We assume that the sample is random and that the population has a normal distribution.

Null hypothesis: H0: μ = 500

Alternative hypothesis: Ha: μ ≠ 500

We will reject the null hypothesis at a p-value less than 0.05

Calculating t-statistic and p-value for Jones

Code

s_mean <- 519.5
μ <- 500
se <- 10
s_size <- 1000

jt <- (s_mean-μ)/se
jt

[1] 1.95

Code

p <- 2*pt(jt, s_size-1, lower.tail = FALSE)
p

[1] 0.05145555

Calculating t-statistic and p-value for Smith

Code

s_mean <- 519.7
μ <- 500
se <- 10
s_size <- 1000

jt <- (s_mean-μ)/se
jt

[1] 1.97

Code

p <- 2*pt(jt, s_size-1, lower.tail = FALSE)
p

[1] 0.04911426

The test-statistic is 1.95, p-value is 0.05145555 for Jones and the test-statistic is 1.97, p-value is 0.05145555 for Smith.

B

The p-value is 0.05145555 for Jones. As p-value is greater than the 0.05, we fail to reject the null hypothesis. The p-value is 0.04911426 for Jones. As p-value is less than the 0.05, we reject the null hypothesis. Therefore, the result is statistically significant for Smith, but not Jones.

C

If we fail to report the P-value and simply state whether the P-value is less than/equal to or greater than the defined significance level of the test, one cannot determine the strength of the conclusion. In the Jones/Smith example, reporting the results only as P ≤ 0.05 versus P > 0.05 will lead to different conclusions about very similar results.

Question 6

Code

gas_taxes <- c(51.27, 47.43, 38.89, 41.95, 28.61, 41.29, 52.19, 49.48, 35.02, 48.13, 39.28, 54.41, 41.66, 30.28, 18.49, 38.72, 33.41, 45.02)

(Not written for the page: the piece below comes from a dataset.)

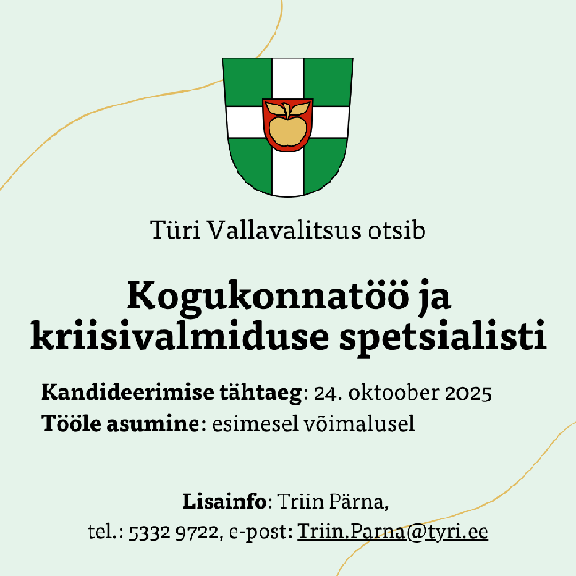 Türi Vallavalitsus loob täiesti uue ametikoha ning ootab oma meeskonnaga liituma kogukonnatöö ja kriisivalmiduse spetsialisti (tähtajatu töölepinguga).

t.test(gas_taxes, mu = 18.4, conf.level = .95)


    One Sample t-test

data:  gas_taxes
t = 10.238, df = 17, p-value = 1.095e-08
alternative hypothesis: true mean is not equal to 18.4
95 percent confidence interval:
 36.23386 45.49169
sample estimates:
mean of x 
 40.86278

The 95% confidence interval for the mean tax per gallon is 36.23386 through 45.49169. We cannot conclude with 95% confidence that the mean tax is less than 45 cents, since the 95% confidence interval contains values above 45 cents.